What you have to do>
Write out the listing, please, but only from its first line through the line containing "2025.07.09 今日の給食 7月9日の給食", exactly as given and without pictures.

Exercise data>
▬▬▬
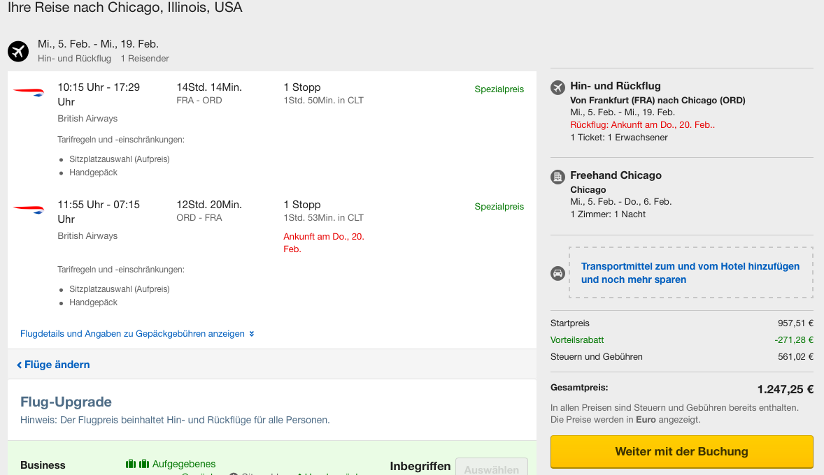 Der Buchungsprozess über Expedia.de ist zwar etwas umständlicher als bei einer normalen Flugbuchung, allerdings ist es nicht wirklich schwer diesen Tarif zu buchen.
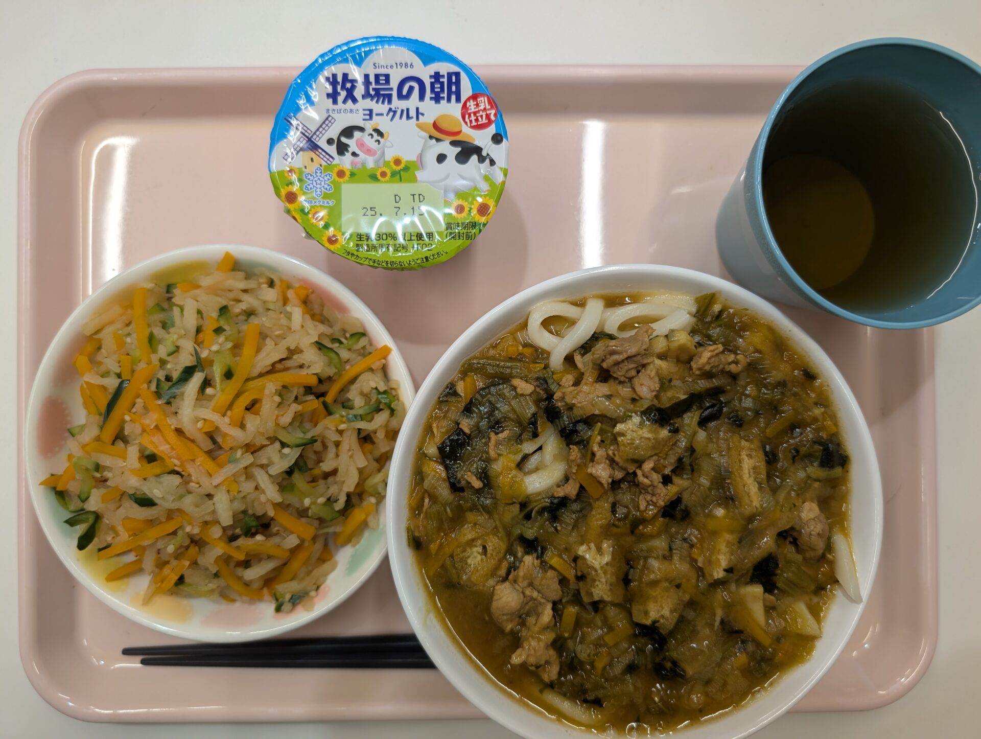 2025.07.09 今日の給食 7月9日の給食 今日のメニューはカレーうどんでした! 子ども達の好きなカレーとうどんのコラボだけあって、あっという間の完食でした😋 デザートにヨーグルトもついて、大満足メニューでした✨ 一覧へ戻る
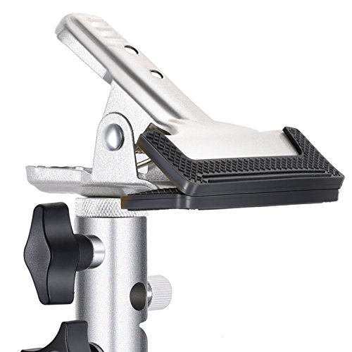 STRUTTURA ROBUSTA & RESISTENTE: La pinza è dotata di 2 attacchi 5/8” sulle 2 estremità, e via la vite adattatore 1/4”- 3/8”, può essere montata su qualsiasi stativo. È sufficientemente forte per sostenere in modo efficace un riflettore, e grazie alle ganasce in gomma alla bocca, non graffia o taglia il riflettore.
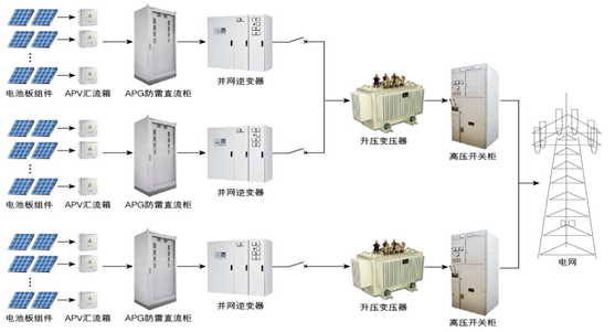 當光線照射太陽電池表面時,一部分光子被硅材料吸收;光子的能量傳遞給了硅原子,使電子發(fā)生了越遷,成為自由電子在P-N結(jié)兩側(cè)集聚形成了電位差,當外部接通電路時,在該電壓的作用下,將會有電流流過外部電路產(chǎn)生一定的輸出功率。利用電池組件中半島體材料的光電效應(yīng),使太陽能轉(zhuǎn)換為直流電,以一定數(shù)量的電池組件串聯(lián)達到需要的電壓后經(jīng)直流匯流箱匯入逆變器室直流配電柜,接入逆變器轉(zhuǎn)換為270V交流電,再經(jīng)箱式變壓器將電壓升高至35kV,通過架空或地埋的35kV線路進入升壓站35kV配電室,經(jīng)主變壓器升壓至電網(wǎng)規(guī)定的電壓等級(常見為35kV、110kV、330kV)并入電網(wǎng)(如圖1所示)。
▬▬▬
Reply>
 Der Buchungsprozess über Expedia.de ist zwar etwas umständlicher als bei einer normalen Flugbuchung, allerdings ist es nicht wirklich schwer diesen Tarif zu buchen.
 2025.07.09 今日の給食 7月9日の給食 今日のメニューはカレーうどんでした! 子ども達の好きなカレーとうどんのコラボだけあって、あっという間の完食でした😋 デザートにヨーグルトもついて、大満足メニューでした✨ 一覧へ戻る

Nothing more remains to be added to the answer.